++++ Collected material

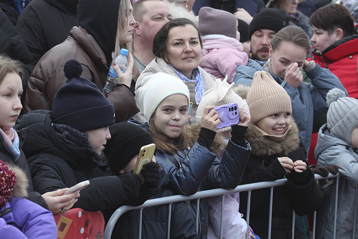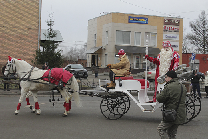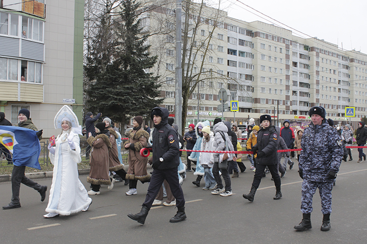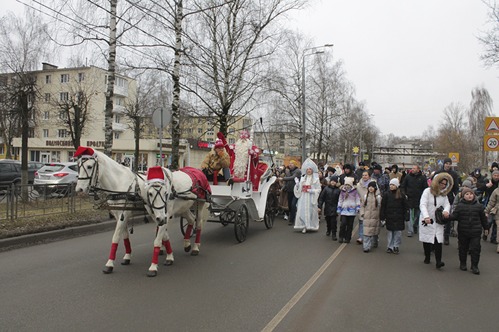 И вот он явился — властитель стужи и друг всех детей, прибывший без опозданий, будто точно рассчитав магию мгновения. Приветствовав участников ослепительной улыбкой, Дедушка Мороз занял место в легком сверкающем экипаже, запряженном парой белоснежных лошадей, и возглавил шествие. За ним потянулась вереница чудес — более двадцати клинских команд, каждая со своей историей.
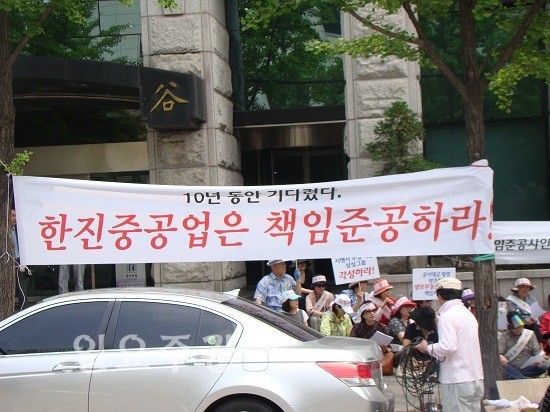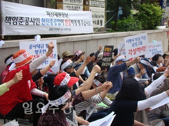 이들은 지난 30일(화)부터 “판사님, 한진중공업이 완공하면 다 해결됩니다. 완공하게 해 주세요”라며 “공매하면 다 되는 겁니까? 수분양자들을 해결하라”라고 외치고 있다.
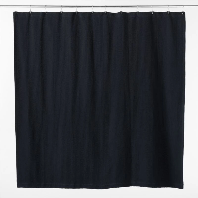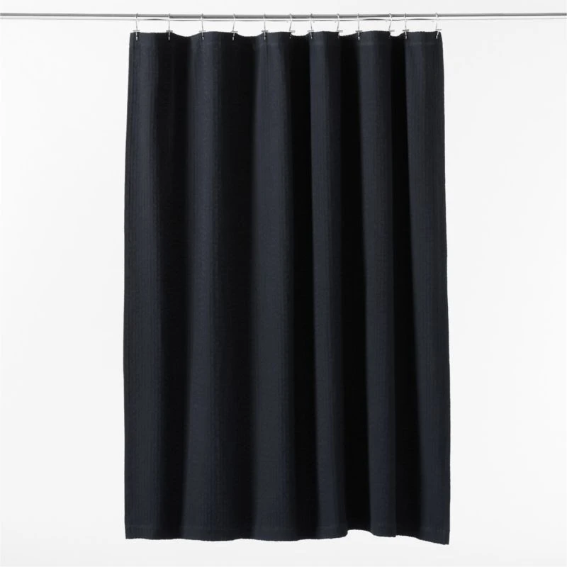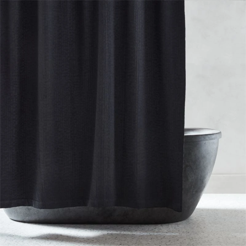 Woven from premium organic cotton, black shower curtain is casually elegant. The naturally soft weave is textured with a subtle high-low pattern. CB2 exclusive.

++++++++

Task goal
In copying the listing, reproduce each line exactly and omit the pictures.

Reply to the task
 И вот он явился — властитель стужи и друг всех детей, прибывший без опозданий, будто точно рассчитав магию мгновения. Приветствовав участников ослепительной улыбкой, Дедушка Мороз занял место в легком сверкающем экипаже, запряженном парой белоснежных лошадей, и возглавил шествие. За ним потянулась вереница чудес — более двадцати клинских команд, каждая со своей историей.
 이들은 지난 30일(화)부터 “판사님, 한진중공업이 완공하면 다 해결됩니다. 완공하게 해 주세요”라며 “공매하면 다 되는 겁니까? 수분양자들을 해결하라”라고 외치고 있다.
 Woven from premium organic cotton, black shower curtain is casually elegant. The naturally soft weave is textured with a subtle high-low pattern. CB2 exclusive.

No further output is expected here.